**ACTIVITY**
Up to and including the line that holds "应税大气污染物适用税额为每污", copy every line of the records below exactly, starting at the first; leave pictures out.

**DATA SHOWN**

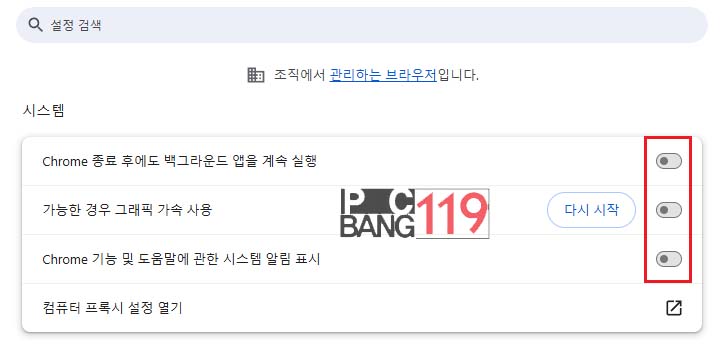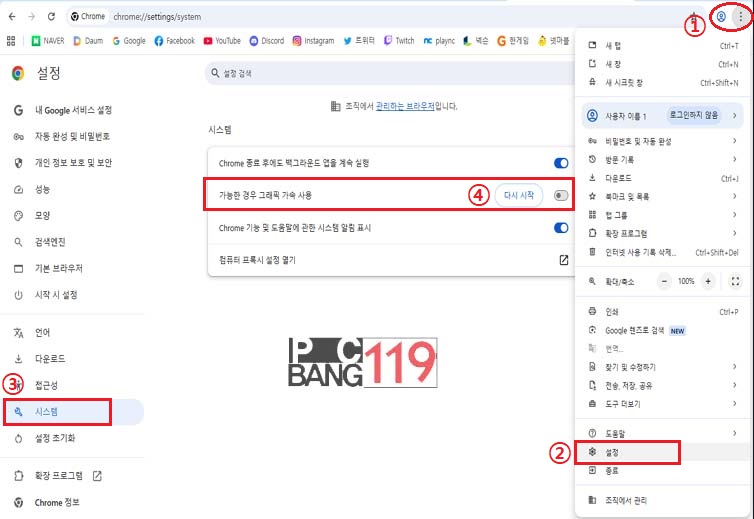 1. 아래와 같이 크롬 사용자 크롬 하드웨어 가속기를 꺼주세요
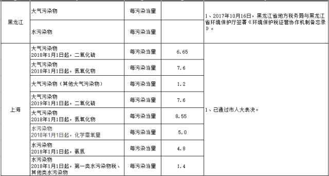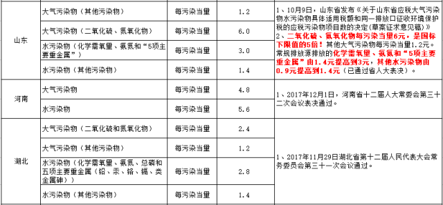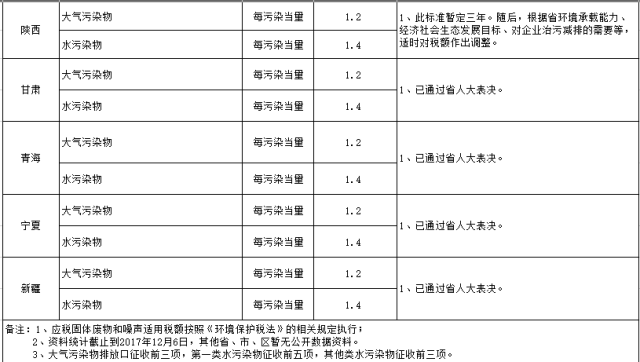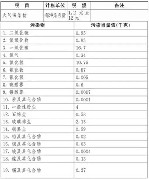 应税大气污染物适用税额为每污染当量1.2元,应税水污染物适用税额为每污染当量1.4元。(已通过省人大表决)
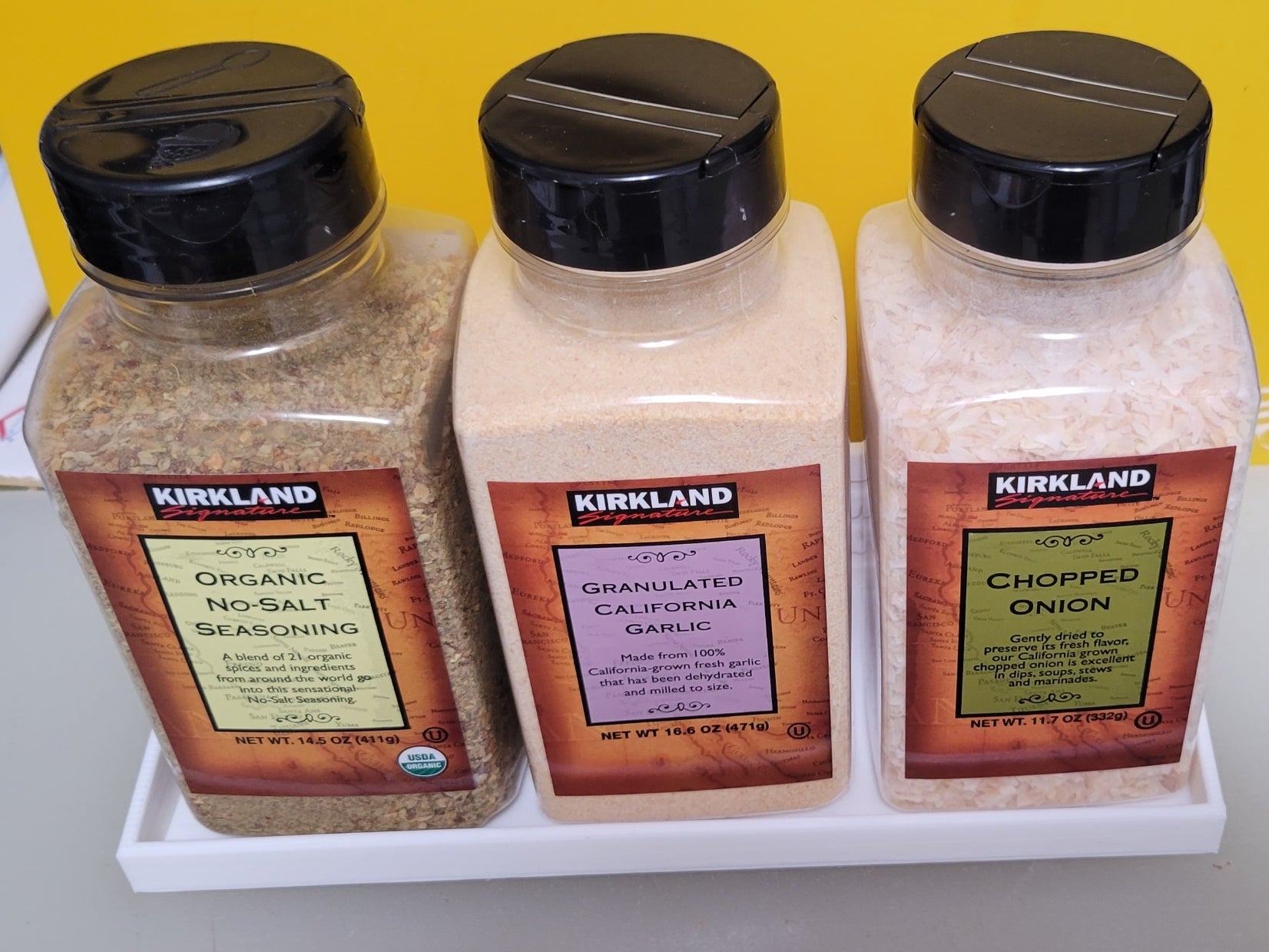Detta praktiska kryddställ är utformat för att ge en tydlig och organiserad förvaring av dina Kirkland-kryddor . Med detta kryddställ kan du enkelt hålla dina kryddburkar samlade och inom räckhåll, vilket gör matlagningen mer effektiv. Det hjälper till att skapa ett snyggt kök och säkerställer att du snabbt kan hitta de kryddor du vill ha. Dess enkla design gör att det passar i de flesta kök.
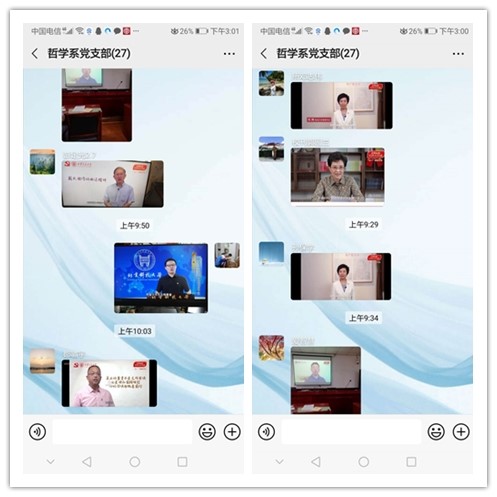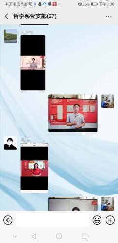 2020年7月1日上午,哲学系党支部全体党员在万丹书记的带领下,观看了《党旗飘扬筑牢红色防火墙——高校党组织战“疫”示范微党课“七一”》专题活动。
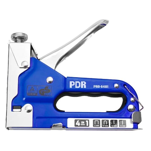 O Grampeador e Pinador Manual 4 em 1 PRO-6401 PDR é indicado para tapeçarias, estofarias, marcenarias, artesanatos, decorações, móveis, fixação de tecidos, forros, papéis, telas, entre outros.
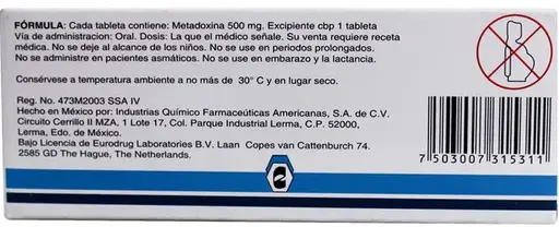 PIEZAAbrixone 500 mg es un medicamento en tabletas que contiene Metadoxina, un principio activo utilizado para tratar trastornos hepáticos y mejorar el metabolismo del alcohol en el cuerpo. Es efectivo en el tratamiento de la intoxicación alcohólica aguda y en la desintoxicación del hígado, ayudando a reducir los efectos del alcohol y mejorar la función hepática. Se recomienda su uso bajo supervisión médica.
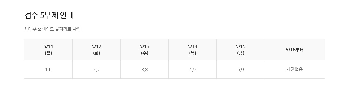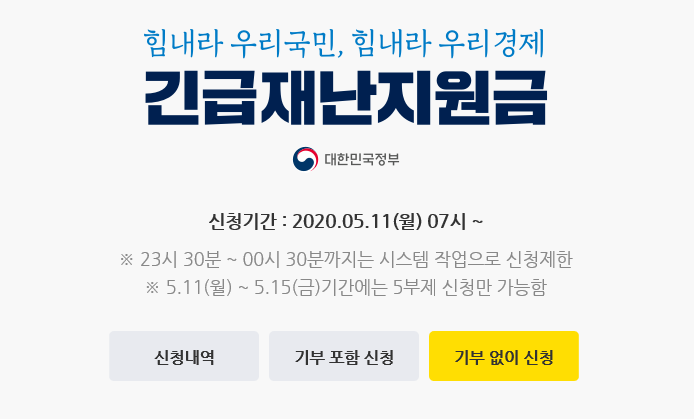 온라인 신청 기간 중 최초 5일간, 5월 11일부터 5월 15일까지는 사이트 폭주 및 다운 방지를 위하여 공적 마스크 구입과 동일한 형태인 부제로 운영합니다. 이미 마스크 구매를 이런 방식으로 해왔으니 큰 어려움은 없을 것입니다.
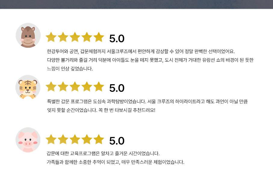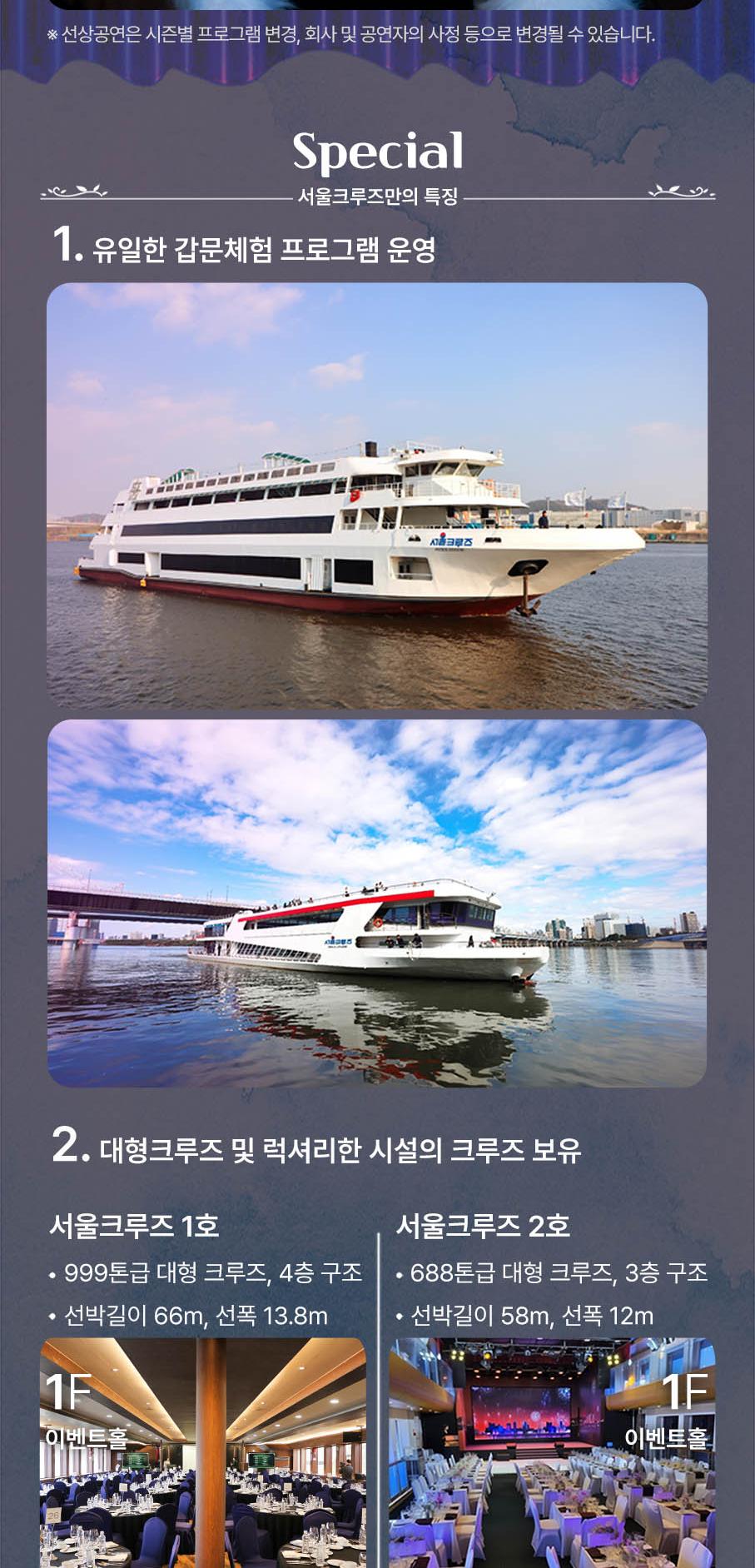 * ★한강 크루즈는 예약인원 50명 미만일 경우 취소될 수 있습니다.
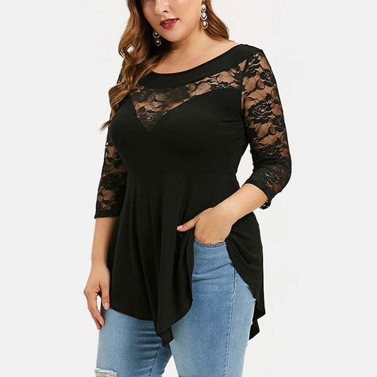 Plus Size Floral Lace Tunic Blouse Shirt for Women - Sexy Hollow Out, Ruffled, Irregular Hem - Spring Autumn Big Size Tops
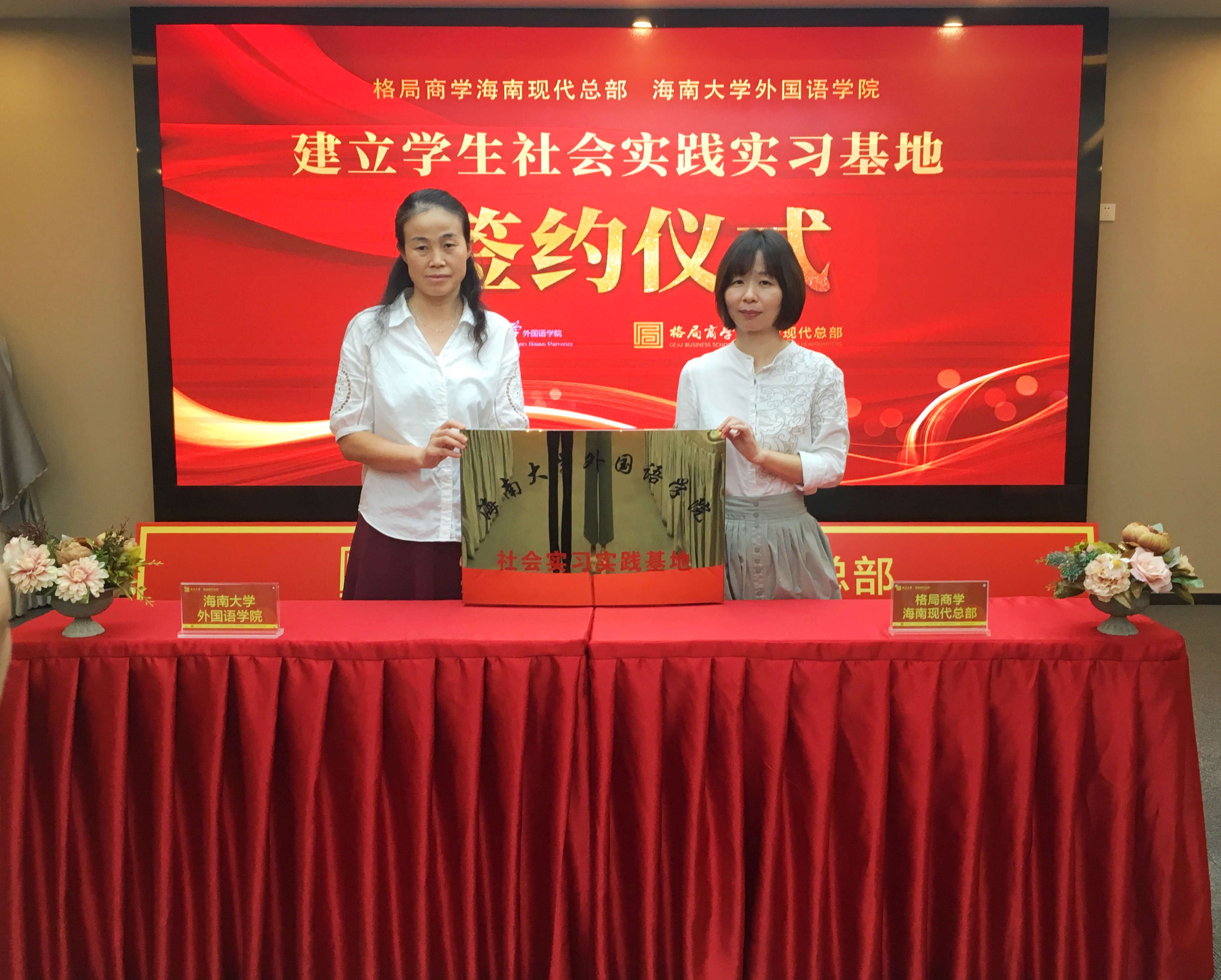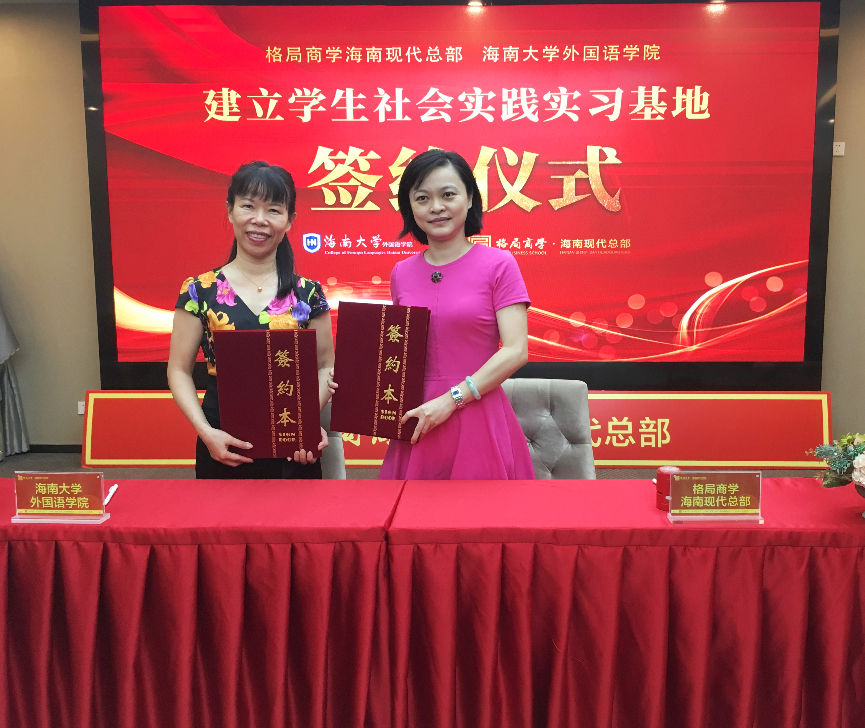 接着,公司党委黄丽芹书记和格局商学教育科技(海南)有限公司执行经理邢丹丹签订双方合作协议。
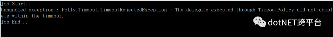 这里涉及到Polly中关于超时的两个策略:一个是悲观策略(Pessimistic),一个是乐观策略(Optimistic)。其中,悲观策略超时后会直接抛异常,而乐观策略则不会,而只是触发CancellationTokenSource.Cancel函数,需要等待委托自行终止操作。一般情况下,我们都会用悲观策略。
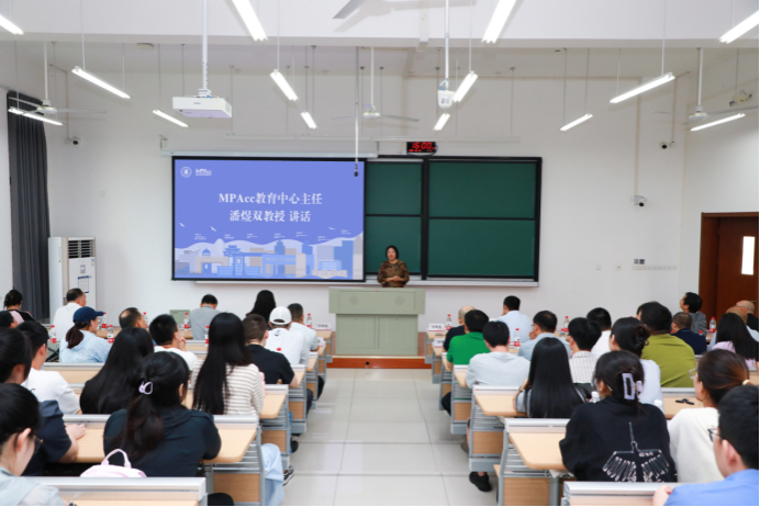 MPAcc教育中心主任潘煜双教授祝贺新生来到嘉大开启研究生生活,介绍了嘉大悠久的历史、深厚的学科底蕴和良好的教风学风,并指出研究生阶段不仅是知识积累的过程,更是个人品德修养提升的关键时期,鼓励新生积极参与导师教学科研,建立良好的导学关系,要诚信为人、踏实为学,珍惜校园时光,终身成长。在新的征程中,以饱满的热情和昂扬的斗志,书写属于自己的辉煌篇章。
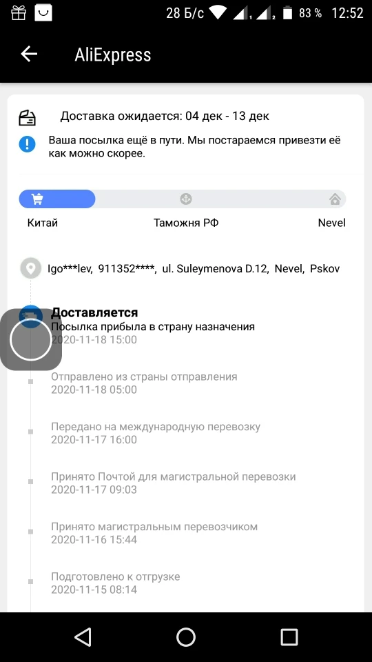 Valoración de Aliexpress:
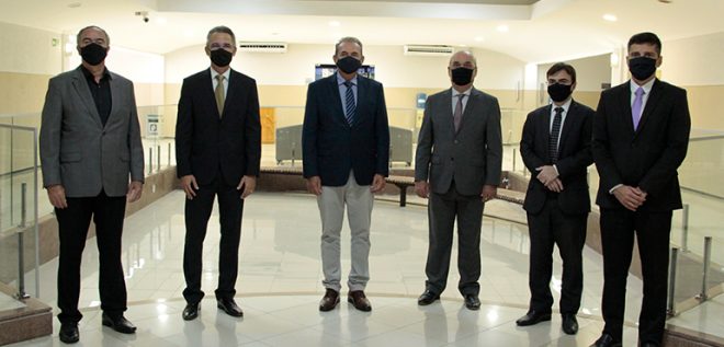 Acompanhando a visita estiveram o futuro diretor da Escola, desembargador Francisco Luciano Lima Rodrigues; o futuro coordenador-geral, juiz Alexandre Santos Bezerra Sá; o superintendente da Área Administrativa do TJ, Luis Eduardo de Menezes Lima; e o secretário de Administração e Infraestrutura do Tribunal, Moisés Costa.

**SOLUTION FOR THIS EXERCISE**
 1. 아래와 같이 크롬 사용자 크롬 하드웨어 가속기를 꺼주세요
 应税大气污染物适用税额为每污染当量1.2元,应税水污染物适用税额为每污染当量1.4元。(已通过省人大表决)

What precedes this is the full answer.